The international airport serving the capital of Montenegro has only two arrival gates, and last spring they were busier than usual. I was there for the same reason many others were: The tiny Balkan state had become the unlikely center of a mostly American social and political movement.

Specifically, I had come to observe Zuzalu, a two-month coliving experiment that had been organized and to some extent paid for by Vitalik Buterin, a co-founder of the eco-friendly cryptocurrency ethereum. It was being hosted at a new resort and planned community on the Adriatic coast, not far from the village of Radovići. Part retreat and part conference, it was also a dry run for the more permanent relocation of tech-industry digital nomads to different parts of the world, where they could start their own societies and design them to their liking. Some 200 people had signed up for the full two months. Others, like me, popped in and out. The slate of talks for the days I was there was titled "New Cities and Network States." European tourists smoked cigars on the promenade while Zuzalu attendees bounded around making plans for excursions and exercise and shuttles to a private Grimes show later on.

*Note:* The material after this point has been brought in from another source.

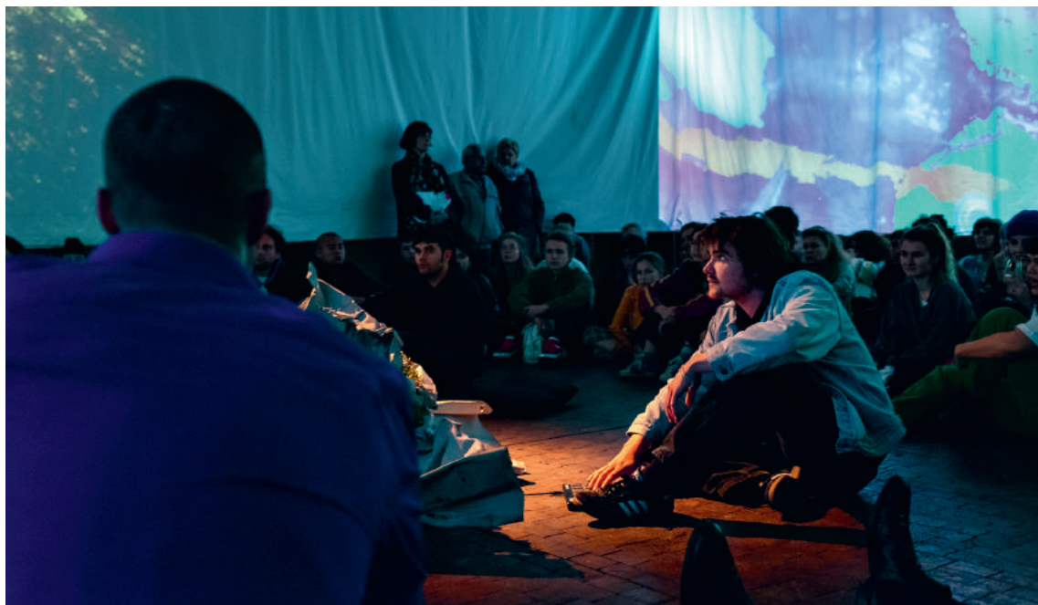
Eingebettet in die 360°-Projektionen lauschten und schauten die zahlreichen Zuschauerinnen und Zuschauer gespannt die verschiedenen Performances der La Polimage 2 im Humbug.

Im Berichtsjahr 2019 konnten besonders viele Menschen von den Beiträgen des GGG Kulturkicks profitieren. Neben der neuen Rekordzahl von 97 Eingaben lässt sich im Jahr 2019 ein grosser finanzieller Zuspruch für Plattformprojekte aus diversen Sparten vermerken. Mit der Unterstützung solcher Projekte werden zum einen die Initiantinnen und Initianten gefördert, indem sie organisatorische und teilweise kuratorische Erfahrungen sammeln können. Zum anderen werden aber auch die an den Projekten beteiligten Kunst- und Kulturschaffenden unterstützt, welche dank solcher Plattformen ihre Beiträge einer breiten Öffentlichkeit zeigen können. Das Erfreuliche an solchen Projekten ist, dass sich junge Menschen selbst eine Plattform schaffen und somit eigene Ausdrucksformen finden und Lücken schliessen, die sie selbst identifizieren.

The network state is a concept first advanced by Balaji Srinivasan, a bitcoin advocate who is influential in tech circles. As he describes it in his book, The Network State, self-published in 2022 on the Fourth of July, a network state starts with an online community of like-minded people, then moves into the offline world by crowdfunding the purchase of land and inhabiting it intensively enough that “at least one pre-existing government” is moved to offer diplomatic recognition. There isn’t necessarily any voting; the best way to vote is by either staying put or “exiting” for another network state you like better.